Typically, tools like Tableau, Power BI and Qlik, for P&L and balance sheets, are not designed for that purpose out of the box. They can do it, but it's not done very well.

DataSelf provides what Girardi calls "Single page analytics - Tableau with data warehousing." It's not a Tableau extension, it's what he calls - "Tableau functionality in a smarter way."

I told my team, "Let's come up with a way to do this whole analysis on a single page. They can see where it started, where you can drill down in all the filters on a single page. You can start with the P&L, you click you and go down - without leaving the main page. You can see all the clicks highlighted.

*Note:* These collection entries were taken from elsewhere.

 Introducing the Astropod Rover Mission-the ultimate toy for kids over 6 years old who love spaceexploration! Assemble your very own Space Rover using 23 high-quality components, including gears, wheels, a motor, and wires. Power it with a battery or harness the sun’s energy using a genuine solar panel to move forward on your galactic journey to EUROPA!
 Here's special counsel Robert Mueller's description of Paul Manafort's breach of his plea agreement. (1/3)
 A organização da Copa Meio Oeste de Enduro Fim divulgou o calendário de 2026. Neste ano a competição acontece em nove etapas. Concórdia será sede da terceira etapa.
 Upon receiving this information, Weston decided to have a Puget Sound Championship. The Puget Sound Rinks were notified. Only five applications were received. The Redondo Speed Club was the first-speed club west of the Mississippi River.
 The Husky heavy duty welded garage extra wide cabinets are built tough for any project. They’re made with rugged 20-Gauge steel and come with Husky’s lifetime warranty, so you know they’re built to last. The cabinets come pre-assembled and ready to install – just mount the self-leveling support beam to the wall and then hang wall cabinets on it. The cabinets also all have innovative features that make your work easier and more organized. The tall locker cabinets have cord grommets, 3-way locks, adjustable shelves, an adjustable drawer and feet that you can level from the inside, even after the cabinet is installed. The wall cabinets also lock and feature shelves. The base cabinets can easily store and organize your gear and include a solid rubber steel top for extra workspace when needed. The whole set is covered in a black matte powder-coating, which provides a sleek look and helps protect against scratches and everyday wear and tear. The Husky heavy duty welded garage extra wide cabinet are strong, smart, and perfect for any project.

But there's a twist. When it comes to delivering value, DataSelf provides customers with views out of the box. That made me wonder: after all Girardi's talk about the need to deliver relevant/personal information, why would he offer out of the box visuals? The answer? Over the years, he's built literally thousands, to give his customers a head start:

If you have a Microsoft system, Sage, Acumatica, Salesforce, or whatnot, in hours or days, on a fixed budget, we can give you a tangible number of reports and dashboards, usually thousands of them, to cover sales, inventory, financials, payables, receivables, a bunch of things. So instead of taking two, three years to get there, we give you a fixed budget, fixed timeframe.

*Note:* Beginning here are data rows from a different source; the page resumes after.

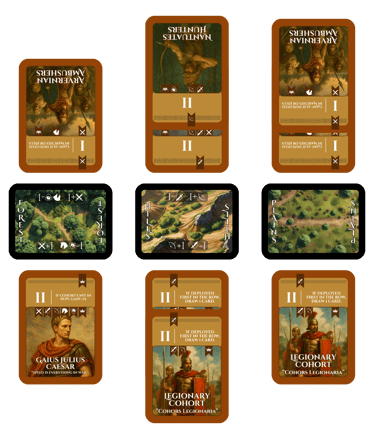 Each player uses a 34-card faction deck (Rome or Gauls).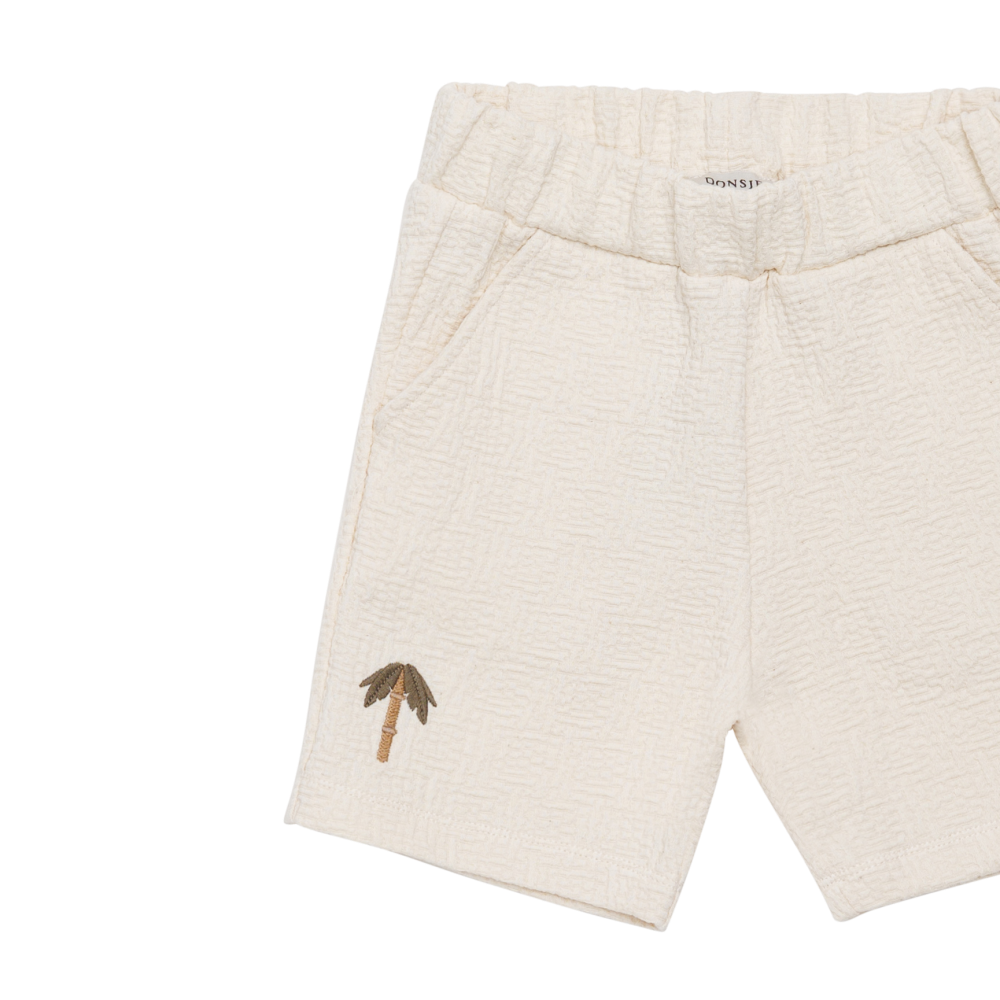 Korte lichte broek in een prachtige katoenen wafel stof van Donsje met een palmboom opdruk. De short heeft een elastische taille en heeft zakjes aan de zijkant. Er is ook een bijpassend t-shirt! Donsje valt normaal op maat tot iets groter, zie onderaan de pagina een overzicht van de maten.
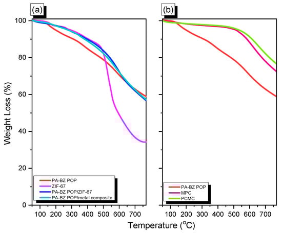 TGA profiles of the (a) PA-BZ POP, ZIF-67, PA-BZ POP/ZIF-67, and PA-BZ POP/metal composite and (b) PA-BZ POP, MPC, and PCMC.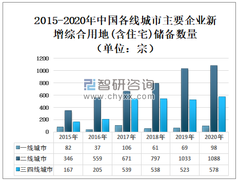 2015-2020年中国各线城市主要企业新增综合用地(含住宅)储备数量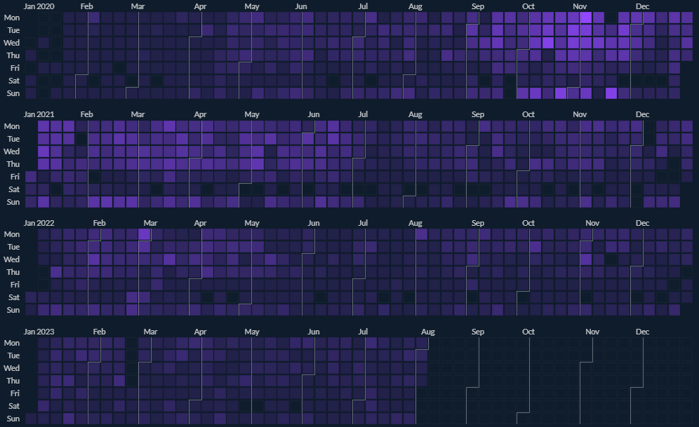 Пустые квадратики, это дни когда я не стримил. В среднем это 1 день в неделю, отдыхаю в пятницу, но т.к стримы ночные, то тут засчитывает это как пропуск субботы. Средняя длительность стрима - 6 часов.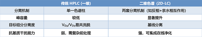 維生素D(VD)是維持人體鈣磷代謝平衡的關鍵營養(yǎng)素,其缺乏可導致兒童佝僂病和成人骨質(zhì)軟化癥。食品中VD主要以VD2(麥角鈣化醇)和VD3(膽鈣化醇)形式存在,兩者結(jié)構高度相似(僅側(cè)鏈雙鍵位置不同),傳統(tǒng)HPLC(一維)難以實現(xiàn)完全分離,易導致定量誤差。本文基于EClassical 3200 HPLC/3200L UHPLC構建二維液相色譜系統(tǒng)(2D-LC),結(jié)合GB 5009.296-2023《食品安全國家標準 食品中維生素D的測定》(第二法)要求,實現(xiàn)對食品中VD2和VD3的高效、精準檢測。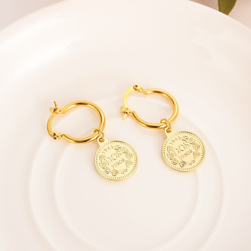 24k gold jewe gold earrings women Ten Cents Coin Sea Spirit Ngoreru Elizabeth gift girl

How customer feedback changed DataSelf's project approach

Customers can use Tableau or Power BI to access the visualizations. But how does this work in practice? Girardi says half of DataSelf's customers find that out of the box is all they need. Girardi has learned the hard way: don't go far down the road of custom BI projects until you give your clients a chance to see their data in a new way. He told me about a customer who gave him a big lesson on this. The CFO told Girardi:

In my first project, I asked for a very complex BI project that took you and IT five freaking months to complete. Anyhow, once you guys did your thing, it was awesome. You fixed my problem, my and that's how I got over the hump of my pain. Let me see what else DataSelf has, just out of the box.

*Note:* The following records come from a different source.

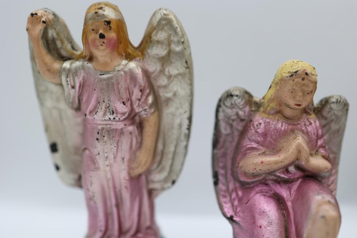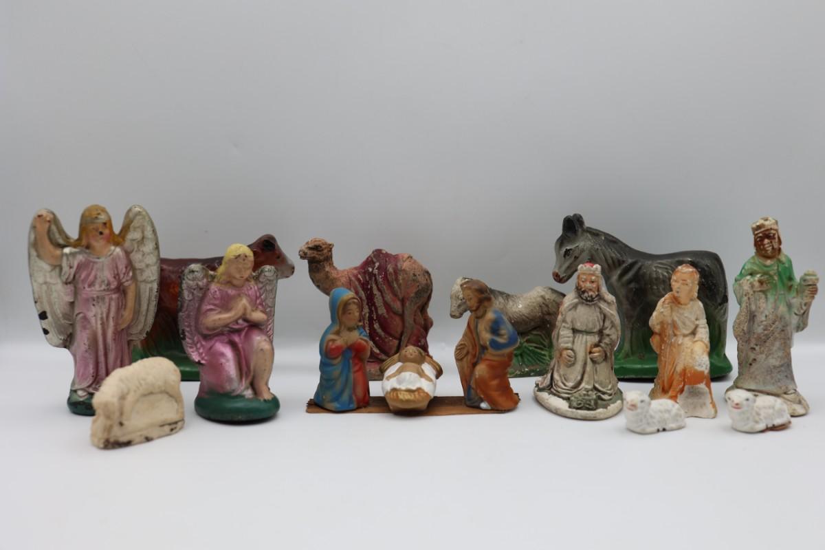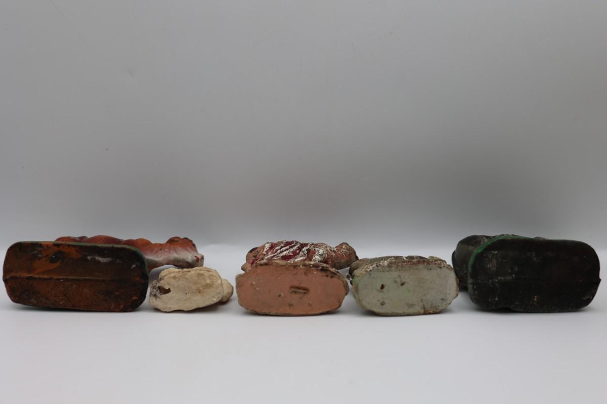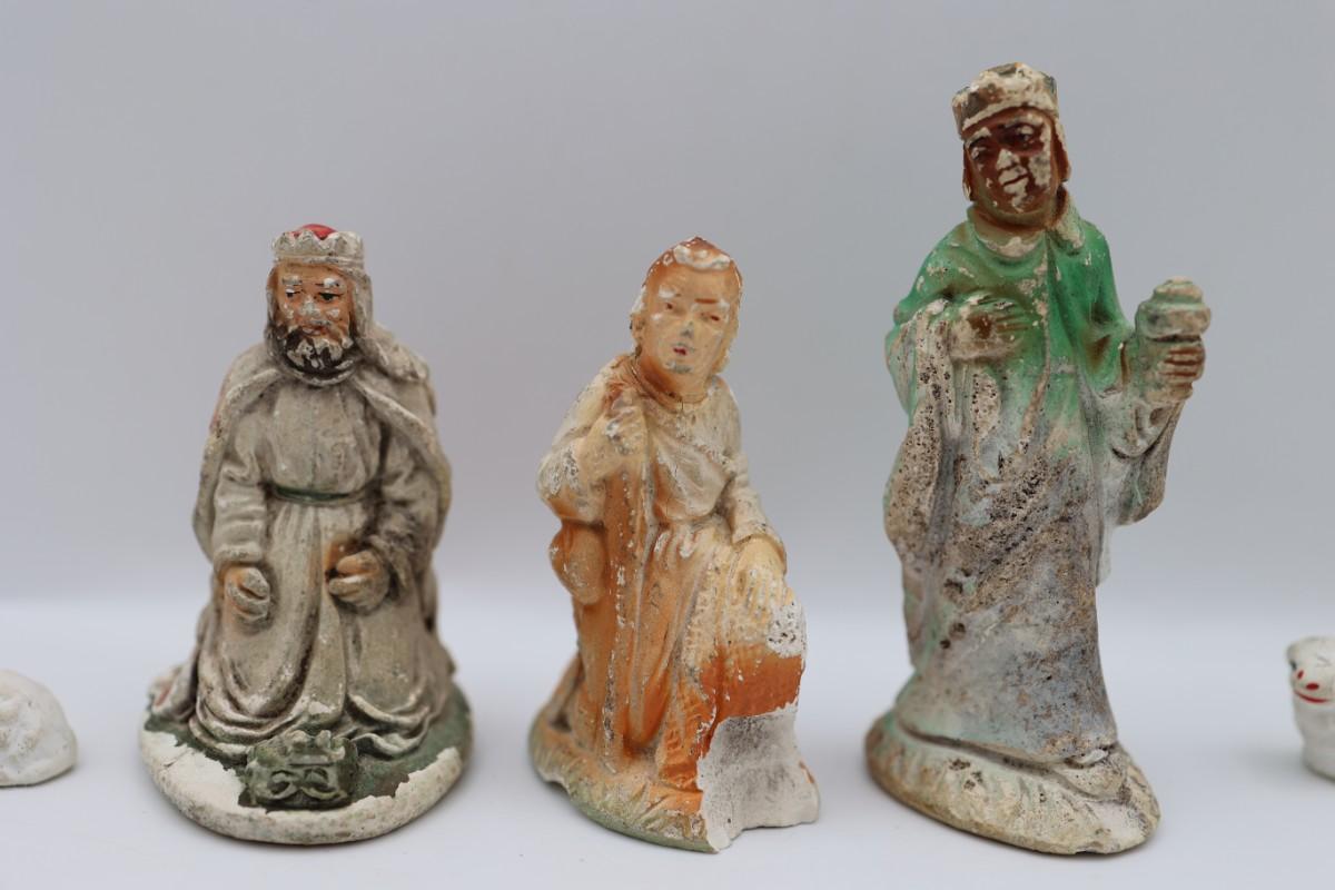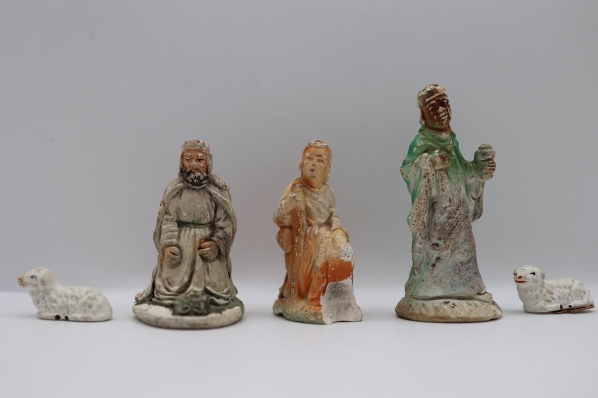 These are old and have natural wear. One figure is chipped on the bottom, see last picture.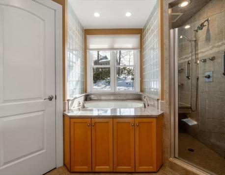 Stylish and inviting this beautifully updated home is filled with abundant natural light and offers a flexible floor plan and exceptional space. Generous living room and formal dining room flow into expansive eat in kitchen opening to family room with exposed beams, impressive ceiling height and wood burning fireplace. Walls of windows overlook large level landscaped lot with doors opening to beautiful stone patio making this home perfect for indoor /outdoor entertaining. Lovely primary suite includes luxurious bath with radiant heat, three additional family bedrooms and a newly renovated hall bath. Private home office on the second floor, lower level includes spacious playroom, exercise space, cedar closet and an ample amount of storage. Attention to detail and many recent upgrades including 200 amp service, HVAC replacement, new water heater, exterior paint and an EV charger. Move in ready and close to town, train and schools.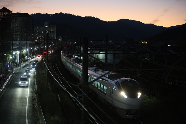 夕暮れの高尾山をバックに高尾を出発し、次の停車駅常磐線柏を目指す特急「常磐高尾」のE657系。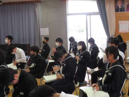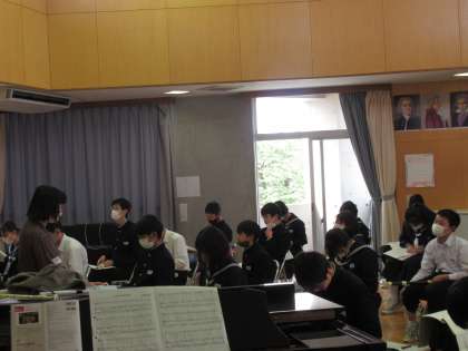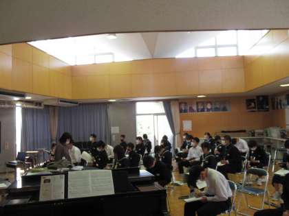 アルトリコーダーの演奏に取り組んでいます。美しい音色で演奏できるよう、モデル演奏を聴き、練習を重ねています。
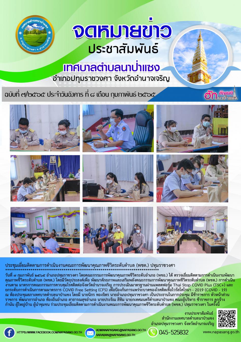 ประชุมเยี่ยมติดตามการดำเนินงานคณะการพัฒนาคุณภาพชีวิตระดับตำบล (พชต.) ปทุมราชวงศา [7 กุมภาพันธ์ 2565]

After browsing out of the box report, the CFO made a discovery. Girardi picks up the story:

The CFO found a report showing some major inventory issues. If he had opened that report five months before, he would have said, "Forget my original priority, we have bigger fish to fry." Now he says, "I don't know what I don't know." He's totally out of the box today.

Now the CFO tells Girardi:

Let me sit on the driver's seat. Look at my own data. I understand data. This is bad data; this is good data. And let me, the decision maker, I'm paying you - we need you guys to do what I really think is going to be the priority.

Girardi learned his lesson. Let the data breathe - and spark discoveries. That may shift priorities.

Since this client, I always tell my new clients, "Do phase one out of the box. Let's put the few decision makers that are willing to look at their data out of the box together." Usually there's a bunch of things, so they can see their data, and tell us that's okay. Then I ask them, "Do you want to continue with phase two being whatever you told us before, or maybe there was something else that you found out?"

Girardi warns that this approach isn't for the faint of heart. You have to nail data security, integration, and other enterprise-grade concerns. Girardi's been cracking away at this for years. Now he believes he's turned a corner:

You know when you go to sell something but you're like, "It doesn't blow my socks off"? I think now I actually have one of the best financial frameworks out there, so I'm going to be kicking ass, pardon my French. I think it's going to make a big change in my market.

End note: I consider myself at least 50 percent data geek, so I feel comfortable using that term, and do not mean it in anything but an affectionate manner.